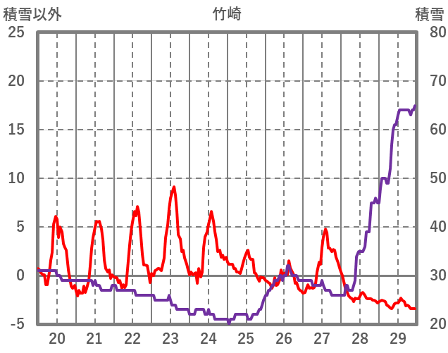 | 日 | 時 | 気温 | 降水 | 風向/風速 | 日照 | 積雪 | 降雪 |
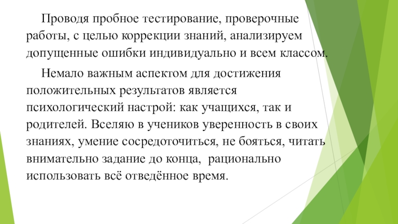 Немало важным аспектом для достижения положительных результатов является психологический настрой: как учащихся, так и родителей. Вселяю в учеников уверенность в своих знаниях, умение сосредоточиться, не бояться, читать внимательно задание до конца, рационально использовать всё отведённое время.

--

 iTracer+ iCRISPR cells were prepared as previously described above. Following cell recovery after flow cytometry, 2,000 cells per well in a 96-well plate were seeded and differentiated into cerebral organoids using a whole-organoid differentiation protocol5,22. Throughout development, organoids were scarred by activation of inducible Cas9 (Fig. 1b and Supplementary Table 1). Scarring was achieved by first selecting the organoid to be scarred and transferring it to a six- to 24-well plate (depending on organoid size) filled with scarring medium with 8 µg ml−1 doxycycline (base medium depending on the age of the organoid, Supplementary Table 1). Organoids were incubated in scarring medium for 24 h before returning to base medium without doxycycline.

--

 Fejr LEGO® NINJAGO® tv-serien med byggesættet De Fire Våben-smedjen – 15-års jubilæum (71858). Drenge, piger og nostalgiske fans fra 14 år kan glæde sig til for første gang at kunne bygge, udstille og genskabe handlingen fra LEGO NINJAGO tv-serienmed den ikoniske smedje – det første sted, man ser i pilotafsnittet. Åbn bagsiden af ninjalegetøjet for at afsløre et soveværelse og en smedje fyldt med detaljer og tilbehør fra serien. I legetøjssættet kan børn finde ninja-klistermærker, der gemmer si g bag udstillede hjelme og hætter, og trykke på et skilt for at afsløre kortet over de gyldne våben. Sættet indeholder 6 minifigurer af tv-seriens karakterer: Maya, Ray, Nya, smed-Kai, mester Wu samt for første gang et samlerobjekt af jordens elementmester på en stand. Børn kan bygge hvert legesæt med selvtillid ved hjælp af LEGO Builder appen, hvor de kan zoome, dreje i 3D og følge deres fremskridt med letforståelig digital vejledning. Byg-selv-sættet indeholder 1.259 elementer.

**WHAT YOU ARE ASKED TO DO**
The response must repeat exactly the lines above from the one with "日照 | 積雪 | 降雪 |" through the one with "Немало важным аспектом", including both, and must contain no pictures and no other text.

**SOLUTION FOR THIS PROBLEM**
 | 日 | 時 | 気温 | 降水 | 風向/風速 | 日照 | 積雪 | 降雪 |
 Немало важным аспектом для достижения положительных результатов является психологический настрой: как учащихся, так и родителей. Вселяю в учеников уверенность в своих знаниях, умение сосредоточиться, не бояться, читать внимательно задание до конца, рационально использовать всё отведённое время.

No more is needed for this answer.